Approximately 13 years ago, the Institute of Medicine issued a milestone report entitled “To Err is Human” on preventable errors in national hospitals that initiated the patient-safety movement. Unfortunately, according to a study conducted in January of this year, not much has changed: six out of seven hospital-based adverse events, mistakes and accidents go unreported. This could mean that many instances of medical malpractice are being concealed.
The report, the National Incident Study on Adverse Events in Hospitals Among Medicare Beneficiaries, was conducted by the Department of Health and Human Services’ Office of the Inspector General (OIG). The OIG estimated that greater than 130,000 Medicare beneficiaries suffered one or more adverse event in a hospital during a single month. Further, the OIG found that serious adverse events, even ones resulting in death, were not more likely to be reported than minor ones.
Reasons why errors may not be reported include:
- Lack of Recognition: the hospital staff does not view many events as adverse ones or errors at all, but rather as routine
- Fear of Retribution: the staff fears reprisal for errors even if they may not be due to negligence
- Disbelief: denial that adverse events occur and a propensity to bury one’s head in the sand
- Competing Pressures: safety can take a back seat to the increasing burdens of healthcare reform requirements
- Productivity Demands: pressure to maximize the number of patients in order to generate profits increases safety errors
- The Stress of Multi-tasking: the hectic pace of hospital work and the varied simultaneous tasks make doctors more prone to errors
One remedy is to push hospitals towards a “just culture” model of error reporting. A “just culture” approach takes into consideration that when a medical professional makes a mistake that is not due to negligence and could have been done by someone similarly situated, that it is likely the system was a contributing factor. Most hospitals do not make this distinction, and, therefore, honest reporting, which could prevent future errors, is stymied. Indeed, most reports are sent to risk a management department whose goal is to minimize legal exposure.

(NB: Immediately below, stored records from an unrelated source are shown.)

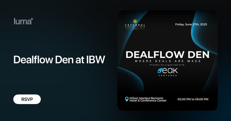ISTANBUL, TÜRKIYE - 15 avril 2025 - The Dealflow Den, l'événement phare d'investissement et de mise en relation de startups de l'Istanbul Blockchain Week (IBW), revient avec sa deuxième édition en présence à l'hôtel Hilton Istanbul Bomonti les 26 et 27 juin 2025.
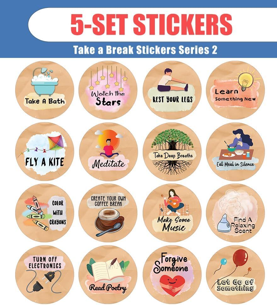 16 UNIQUE DESIGNS INSPIRING STICKERS FOR YOUR DIY PERSONALIZED DECORATIONS - Creanoso Take a Break Series 2 Stickers (5-Sheets). These colorful and uniquely inspiring round shaped stickers are the best tool for DIY decoration and personalization of your belongings. GREAT STOCKING STUFFERS , TEACHING SUPPLEMENTARY MATERIALS, AND GIVEAWAY - Great stocking stuffers gifts for Boys, Girls, Teens, Kids. A perfect design to give during classroom school activities, home schooling,birthdays, anniversaries, family day, and any other special occasions. MADE WITH DURABLE AND WATERPROOF MATERIALS - There is a lamination or coating to make the stickers high water resistant, and WILL NOT fade from the water. The stickers can stick it anywhere you like, and it sticks there and lasts a long time. A COLORFUL AND DECOR STICKER DECAL - Each sheet with 16 individual round stickers. There are 5 sheets , with a total of 80 pcs of stickers. STICKER SIZE: 1.5 INCHES IN DIAMETER Take a Break Stickers Series 2 (5 Sets X 16 Designs) COLORFUL AND COLLECTION OF TEXT STICKERS • Well designed. • Very encouraging. • Self-adhesive. Take a Break Stickers Series 2 (5 Sets X 16 Designs) are super fun to collect; you can't have just one! That's why you will find a selection of stickers right here. Each package comes with different stickers in a variety of designs. Stick them here, stick them there, stick them everywhere! Everyone will love these self-adhesive stickers. These colorful stickers are perfect for any adults and these come with very inspiring messages and bright pictures. A fun, inexpensive way to add a decorative, notes, and stationery. Delight yourself with uplifting messages designs that are very encouraging. Take a Break Stickers Series 2 (5 Sets X 16 Designs) perfect for giveaways, behavior incentives, prizes! These stickers are acid-free, nontoxic, and safe for use on photos. This product comes with a 60 days money back guarantee. You can return them to us for a full refund.
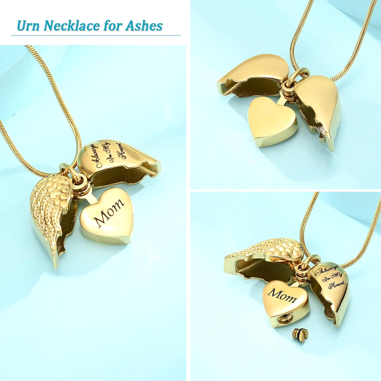 mingkejw Angel Wings Heart Urn Necklace – Always in my heart

One example of a “just culture” approach and a hospital that has changed its habits on error reporting is the University of Michigan Health System (UMHS). In 2001, the UMHS set up a full disclosure procedure that combines online incident reporting, a multidisciplinary claims review committee, effective and candid communication with patients and family members, and a quality-improvement initiative directed by reported errors.
Another possible option is a national public reporting system for adverse events similar to what exists for consumer product safety issues. In such a system, anyone, from a patient to a hospital staff member, could report events online as well as receive follow-up and assistance related to their report.
The one thing that is certain is that the healthcare industry should not continue to ignore the issue or call for more research; action is needed and needed now.